This is one of the most common API design problems, and it almost always starts with the same sentence: “Don’t worry, it won’t grow that much.”
Then it grows. It always grows. And once it grows, the cost of fixing it is no longer “add a query parameter”. It becomes UI hacks, performance incidents, and angry clients.
What was tested
Rentgen detects a very specific pattern:
a GET endpoint returns a JSON array (a list/collection),
but the request URL contains no query parameters that control size or navigation.
In other words: it looks like an unbounded “return everything” endpoint.

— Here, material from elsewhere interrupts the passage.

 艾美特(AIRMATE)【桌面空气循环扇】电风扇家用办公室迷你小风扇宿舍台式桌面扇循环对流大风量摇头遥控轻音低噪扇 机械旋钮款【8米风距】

- TEST: Array List Without Pagination
- Trigger:
GET+ JSON array response + no pagination/limit parameters in URL - Expected: supports pagination/limit (query parameters present or documented)
- Actual: missing pagination/limit (no query parameters)
- Status: 🟠 Warning
Why this matters
Collection endpoints must be predictable. When an API returns lists without server-side limits, response size grows linearly with data growth. That means latency, memory usage, and client pain also grow over time — often without any code change.

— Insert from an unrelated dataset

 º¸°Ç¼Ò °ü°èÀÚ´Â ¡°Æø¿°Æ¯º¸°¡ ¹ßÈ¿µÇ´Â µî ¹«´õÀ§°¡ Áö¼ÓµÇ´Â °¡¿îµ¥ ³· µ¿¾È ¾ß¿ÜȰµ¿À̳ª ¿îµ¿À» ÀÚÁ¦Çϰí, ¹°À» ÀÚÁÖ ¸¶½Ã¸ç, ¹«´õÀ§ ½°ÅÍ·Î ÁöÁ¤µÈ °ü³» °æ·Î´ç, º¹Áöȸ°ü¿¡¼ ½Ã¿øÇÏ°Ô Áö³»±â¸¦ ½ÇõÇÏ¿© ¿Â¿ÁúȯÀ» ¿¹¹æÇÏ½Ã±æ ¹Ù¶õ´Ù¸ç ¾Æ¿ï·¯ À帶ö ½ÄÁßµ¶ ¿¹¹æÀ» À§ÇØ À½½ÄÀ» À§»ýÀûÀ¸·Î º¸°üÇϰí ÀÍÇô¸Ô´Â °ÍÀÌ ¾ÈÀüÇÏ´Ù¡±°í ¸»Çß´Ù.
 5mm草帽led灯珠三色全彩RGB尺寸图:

The worst part is that this failure mode is delayed. Everything works fine in early environments with small datasets. Then production accumulates real data, and suddenly the same endpoint becomes slow, expensive, and unstable.
The classic trap teams fall into
I’ve seen this pattern too many times: developers ship a list endpoint without pagination because “it’s just a small list”. Product assumes the list stays small. Nobody tests scale because there is nothing to test yet.
Months later it turns into: “Frontend, can you add pagination UI?” That usually improves the UX a little, but it does not solve the real problem. Client-side pagination still requires downloading and parsing the full dataset first. By the time the UI paginates, the damage is already done.
Why this is a warning (not an automatic fail)
Because sometimes an endpoint can be bounded by design even without obvious query parameters. Some APIs enforce a hard server-side limit and always return a safe maximum number of items. Others return a small fixed list that truly cannot grow (rare, but possible).
Rentgen flags this as a warning because the signal is about risk and design, not about functional correctness. It is a prompt to confirm that the endpoint is intentionally bounded, not accidentally unbounded.
How to respond to this warning
If the endpoint is expected to grow, add pagination now.
It is cheap early, and expensive late.
Support a familiar approach like ?limit=50, ?page=1, ?offset=0, or a cursor.
Also enforce a safe default limit even when parameters are missing.
If product insists “it will never grow”, put a hard limit in the API anyway. This is the lowest-cost compromise: the response stays safe even if assumptions turn out to be wrong. If one day the limit is reached, the API forces the conversation to happen with evidence, not optimism.
Why this check exists in Rentgen
Because manual testing rarely catches design debt. When a tester sees a list response in Postman, the natural reaction is “it works”. Nobody counts objects. Nobody estimates future growth. Nobody imagines 50,000 records.
Rentgen checks this automatically and makes the risk visible early. And when you want to raise it with the team, Rentgen provides a Copy Bug Report action with the relevant details and suggested remediation, so you don’t have to write the argument from scratch.
Final thoughts
Unpaginated collection endpoints are technical debt that looks harmless until real data arrives. Pagination is not a “nice-to-have”. It is basic damage control for any API that lives longer than a few weeks.
If you see this warning, treat it as a chance to fix a cheap problem before it becomes an expensive one.